Ввел e-mail *[email protected]* и пароль *loxotron*.
Открылось:



> Рады предложить вам новые опции.
> Количество людей, зарегистрировавшихся в Одноклассниках достигло свыше 33 миллионов. Разумеется некоторые хотят выделяться, и это правильно! Специально для этого был разработан данный сервис.
> Одноклассники Плюс+ - это дополнительные опции для Вас, кардинально расширяющее возможности вашего аккаунта на сайте Одноклассники.ру
> 
> Мы растем и нам доверяют уже 113 762 пользователей.
> 
> После активации для Вас будут открыты следующие функции:
> Возможность общаться в специальном чате с другими пользователями на сайте (пример)
> Получаете постоянную услугу «Оценка 5+»(пример)
> ...


*Добавлено через 3 минуты*

http://www.polyakov.net.ru/blog/2009-03-09-146

----------


## Jolly Rojer

Да ... о размахе деятельности можно только представить и ужаснуться! Если раньше просто тупо рассылался спам по спискам, то теперь + ко всему и фишинг в комплекте со зверьем+ обман с дополнительными сервисами и смс + угоны аккаунтов...и всего то коснулись одной соцсети. Стоит сделать вывод, а имеет ли смысл там просиживать целые дни, как многие и делают?

----------


## senyak

Чет сайт не открывается  :Sad:

----------


## valho

> Чет сайт не открывается


зато там есть вот что ещё -
хттпs://213.182.197.226/login.htm - HP ILO Integrated Lights Out



> механизм управления серверами в условиях отсутствия физического доступа к серверу. Применяется фирмой Hewlett-Packard для всех своих серверов. Ключевые характеристики:Графический веб-интерфейс (GUI) - доступ к iLO из любого места, используя стандартный браузер     
> Virtual Power - полное удаленное управление кнопкой питания сервера     
> Remote text console - платформенно-независимая текстовая консоль для отображения и управления активностью удаленного сервера, например, выключение или включение 
> Virtual Serial Port - доступ к последовательному порту через сеть таких приложений как Windows Server 2003 Emergency Management Services и сессии TTY 
> Интерфейс командной строки и сценариев - гибкое использование, конфигурация и обслуживание     
> SSL шифрование - для всех данных между процессором iLO и браузером     
> Диагностика процессора iLO и сервера - детализированные отчеты, статус     
> DNS/DHCP     
> Удаленное обновление прошивки     
> IPMI через локальную сеть


213.182.197.229 - 19.03.2009 Appeared on a list of malware distributors.
213.182.197.233 - 03.04.2009 Appeared on a list of malware distributors.
213.182.197.234 - Эксплоит, вроде MDAC
213.182.197.236 - 26.03.2009 Appeared on a list of malware distributors.
213.182.197.237 - 15.04.2009 Appeared on a list of malware distributors. Спам.
Ещё надпись горит:



> SharedIP
> Shared IPThis IP is being shared among many domains.
> To view the domain you  are looking for, simply enter the domain name in the location bar of your web  browser.

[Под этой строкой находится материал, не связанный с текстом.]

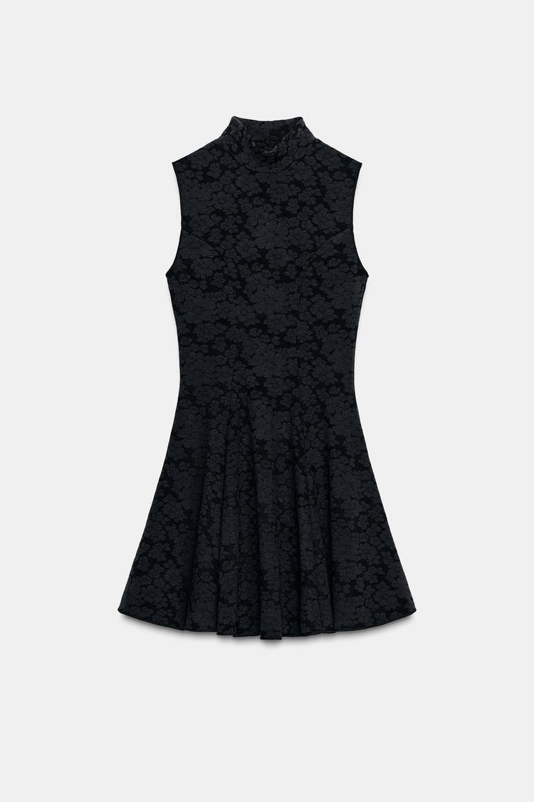 ZARA КОРОТКОЕ ЖАККАРДОВОЕ ПЛАТЬЕ, ЧЕРНЫЙ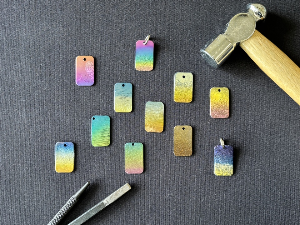 チタン製の板をいろんな形の金鎚で叩いて好みの模様をつけていきます。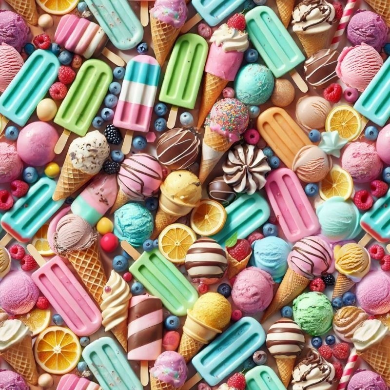 Ce tissu popeline 100% coton imprimé de glaces multicolores est à la fluide et souple, il conviendra parfaitement pour la réalisation d'adorables vêtements et accessoires pour les gourmands.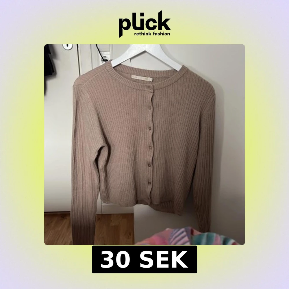 Säljer en beige ribbad kofta från 157 i storlek M. Koftan har långa ärmar, rund halsringning och knappar framtill. Perfekt att slänga över en topp för en enkel och stilren look.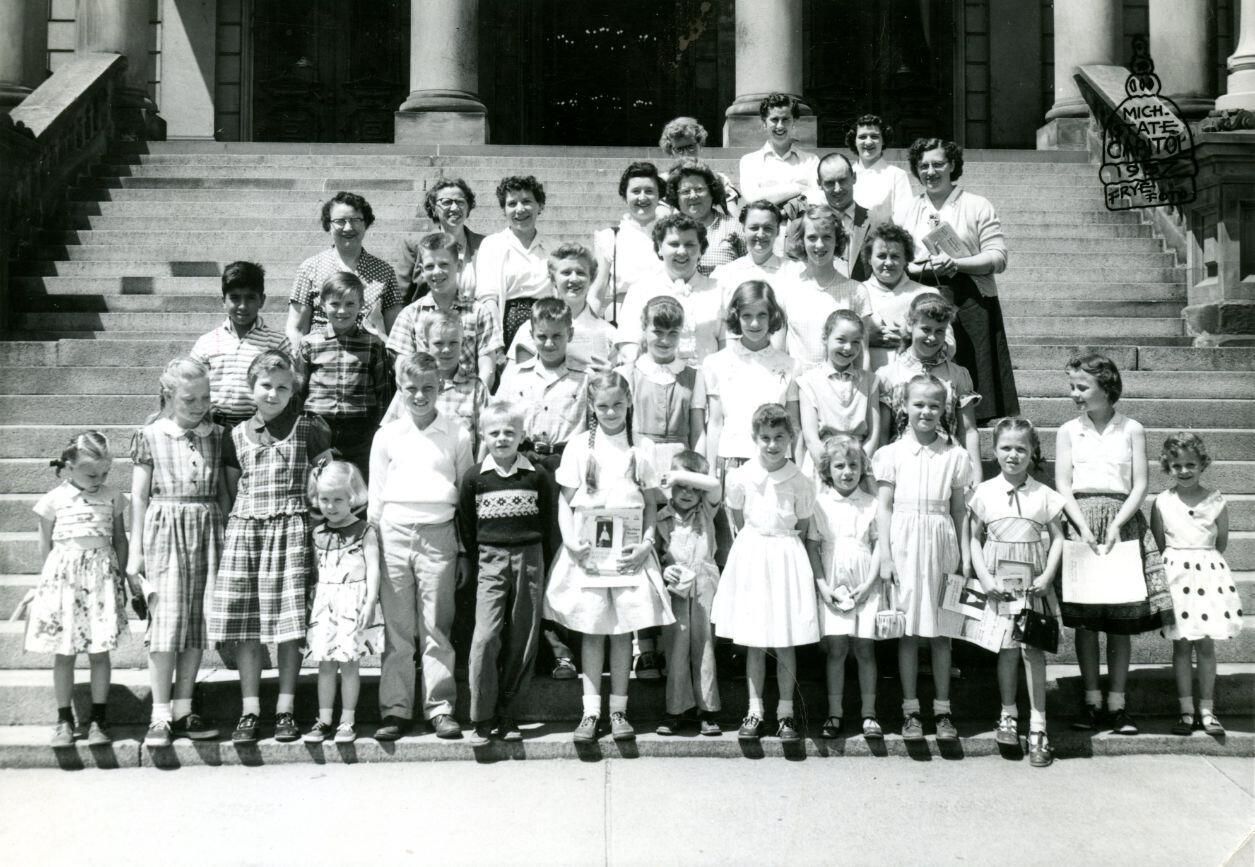 School group (Colony School?) 1957 visit to state Capitol.

213.182.197.238 - та же надпись
Вот такой весёленький сервер...

----------


## TANUKI

Вы знаете, а мне таких людей вообще не жалко. Извините, но тот, кто ведется на этот фуфел и жаждит получить опцию "невидимка" или "оценка 5+" просто прирожденные жертвы-боты для спамеров и денежных СМС-насосов-лохотронщиков. 
Ну зашли на сайт, ну нашли старых потерянных одноклассников. ну так обменяйтесь телефонами, встречайтесь лично, пишите письма, в аське висите наконец. Нет, надо весь рабочий день висеть на одноклассниках, втыкать в фотки друзья-друзей-друзья-друзей-друзей и ждать авось кто напишет и мечтать, что б тебе за все фотки поставили пятерки.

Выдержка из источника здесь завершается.